## [WHAT THIS TASK INVOLVES]
Retype each record exactly; no pictures.

## [TASK DATA]
****
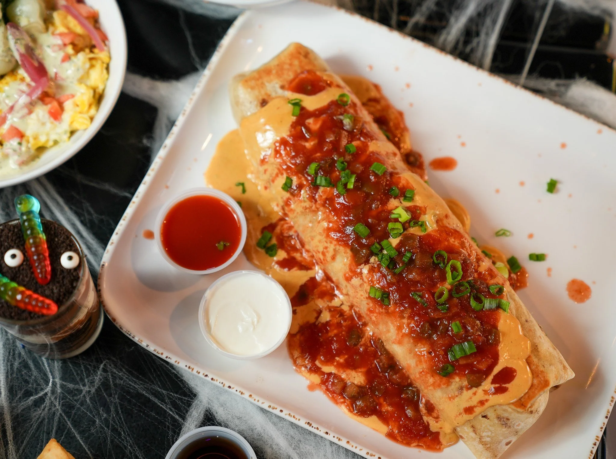 Scrambled Eggs, Bacon, Peppers & Onions, smotherd in nacho cheese & salsa with a side of sour cream & hot sauce
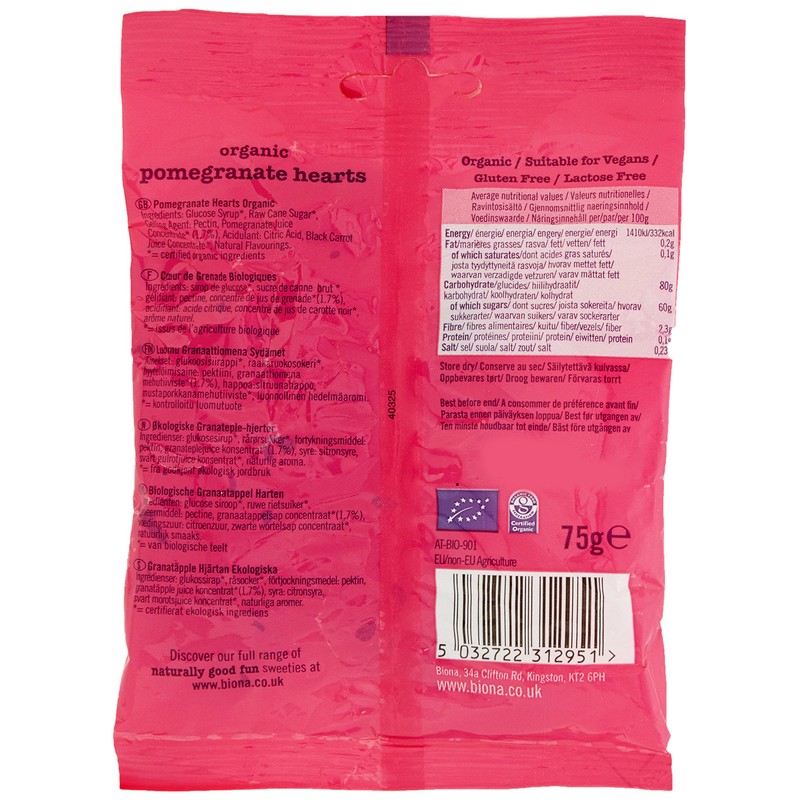 Biona Organic Pomegranate Hearts 75g (Pack of 5)
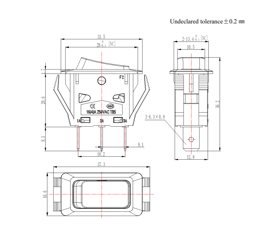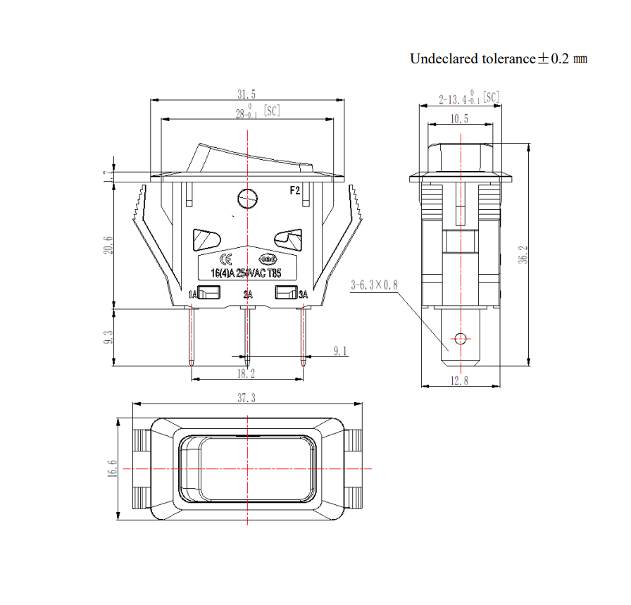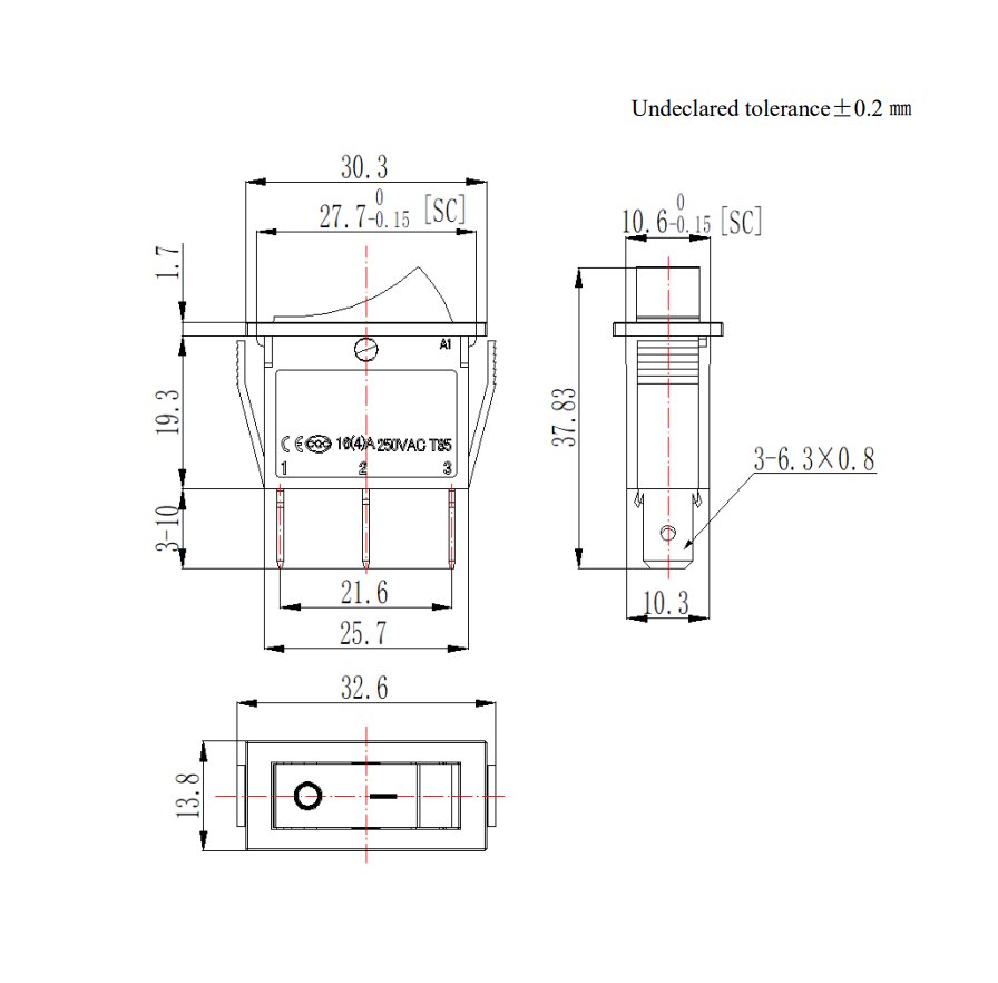 Red | SP3T | ON-OFF | 16A 250V | Bulgin | Rocker | N/A | Black | Connectors (6,3x0,8mm) | |||||||||||||
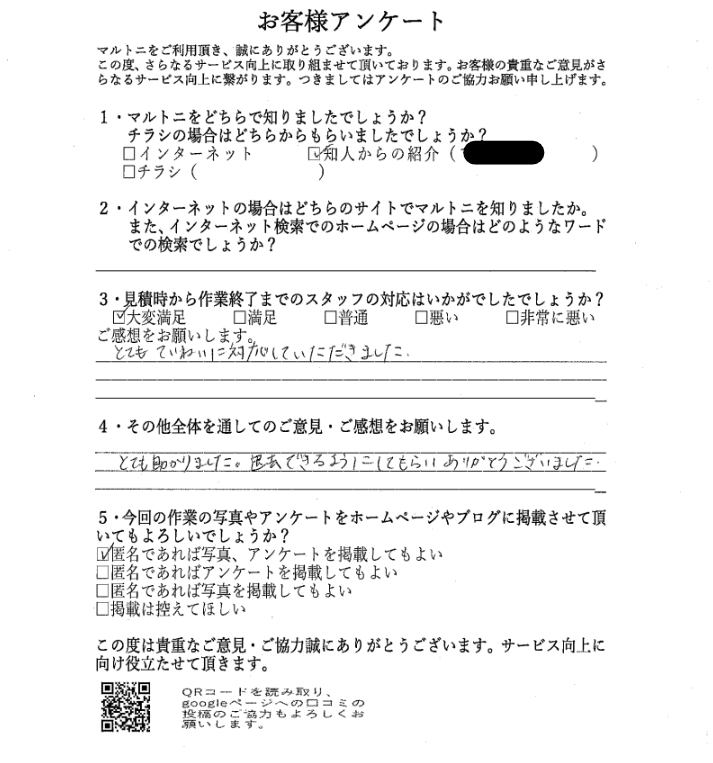 愛知県小牧市 T様 残置物撤去 2026/01/28 お客様よりアンケートを頂きました。 愛知県小牧市にて残置物撤去の手伝い作業をしました。 マルトニでは特殊清掃、遺品整理、お部屋の片づけから解体工事まで行っております。 愛知、岐阜、三重が対象可能エリアとなっております。 お困りごとがございましたら、どのようなことでもお気軽にお声がけください。 愛知 お客様アンケート
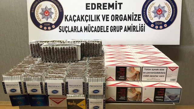 Balıkesir'in Edremit ilçesinde kaçak tütün satışı yapılan işyerine polis ekiplerince düzenlenen operasyonda çok miktarda kaçak tütün ele geçirildi. Edinilen bilgiye göre, Edremit KOM Grup Amirliği görevlilerince gümrük kaçağı sigara ticaretini önlemeye yönelik olarak yapılan çalışmalarda Ü.Y. adlı şahsın işlettiği iş yerinde 9 bin 240 adet doldurulmuş makaron, 7 bin 600 adet TAPDK bandrolü bulunmayan boş makaron ele geçirilerek gerekli adli işlemlere başlanıldı. (İHA)
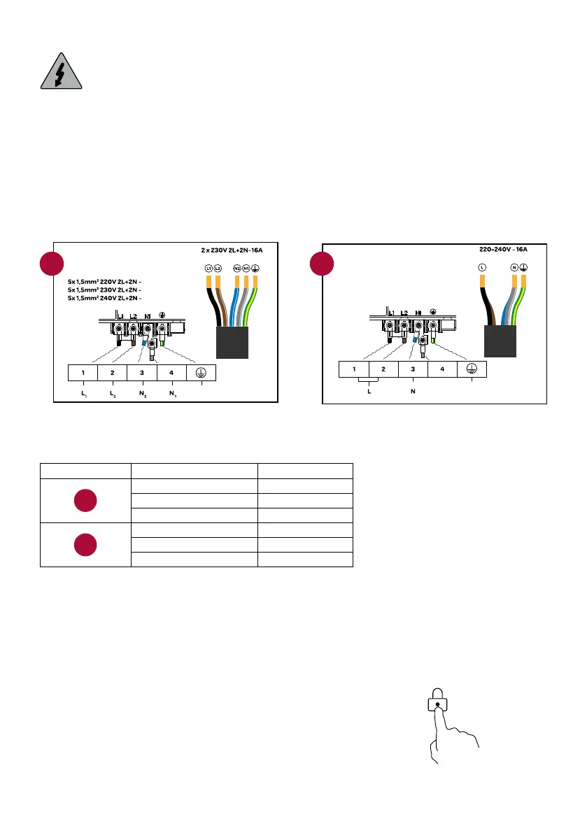 standardmäßig auf 2 x 1 Phase (230V AC) eingestellt. Für das Kochfeld wird ein sogenannter 5-poliger
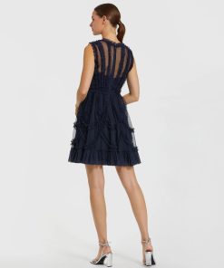 This charming mini dress features a high neckline, sleeveless design, and allover ruffle detail for a chic, playful look. Perfect for daytime occasions, it effortlessly blends elegance with a fun twist.
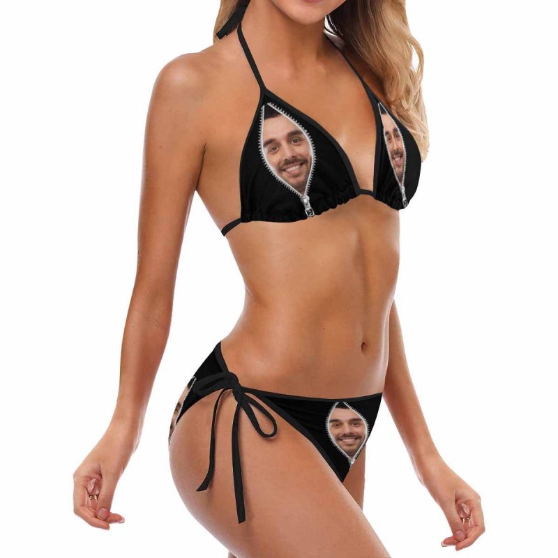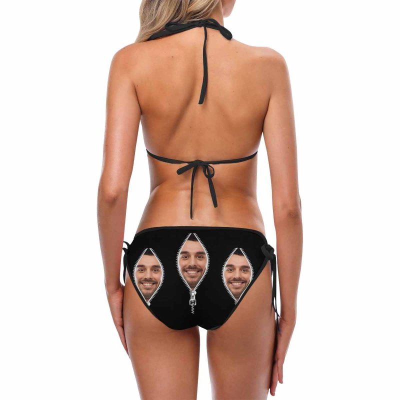 Bikini visage personnalisé Maillot de bain pour femmes avec photo segmentée - Fermeture éclair
****
## [WRITTEN REPLY]
 Scrambled Eggs, Bacon, Peppers & Onions, smotherd in nacho cheese & salsa with a side of sour cream & hot sauce
 Biona Organic Pomegranate Hearts 75g (Pack of 5)
 Red | SP3T | ON-OFF | 16A 250V | Bulgin | Rocker | N/A | Black | Connectors (6,3x0,8mm) | |||||||||||||
 愛知県小牧市 T様 残置物撤去 2026/01/28 お客様よりアンケートを頂きました。 愛知県小牧市にて残置物撤去の手伝い作業をしました。 マルトニでは特殊清掃、遺品整理、お部屋の片づけから解体工事まで行っております。 愛知、岐阜、三重が対象可能エリアとなっております。 お困りごとがございましたら、どのようなことでもお気軽にお声がけください。 愛知 お客様アンケート
 Balıkesir'in Edremit ilçesinde kaçak tütün satışı yapılan işyerine polis ekiplerince düzenlenen operasyonda çok miktarda kaçak tütün ele geçirildi. Edinilen bilgiye göre, Edremit KOM Grup Amirliği görevlilerince gümrük kaçağı sigara ticaretini önlemeye yönelik olarak yapılan çalışmalarda Ü.Y. adlı şahsın işlettiği iş yerinde 9 bin 240 adet doldurulmuş makaron, 7 bin 600 adet TAPDK bandrolü bulunmayan boş makaron ele geçirilerek gerekli adli işlemlere başlanıldı. (İHA)
 standardmäßig auf 2 x 1 Phase (230V AC) eingestellt. Für das Kochfeld wird ein sogenannter 5-poliger
 This charming mini dress features a high neckline, sleeveless design, and allover ruffle detail for a chic, playful look. Perfect for daytime occasions, it effortlessly blends elegance with a fun twist.
 Bikini visage personnalisé Maillot de bain pour femmes avec photo segmentée - Fermeture éclair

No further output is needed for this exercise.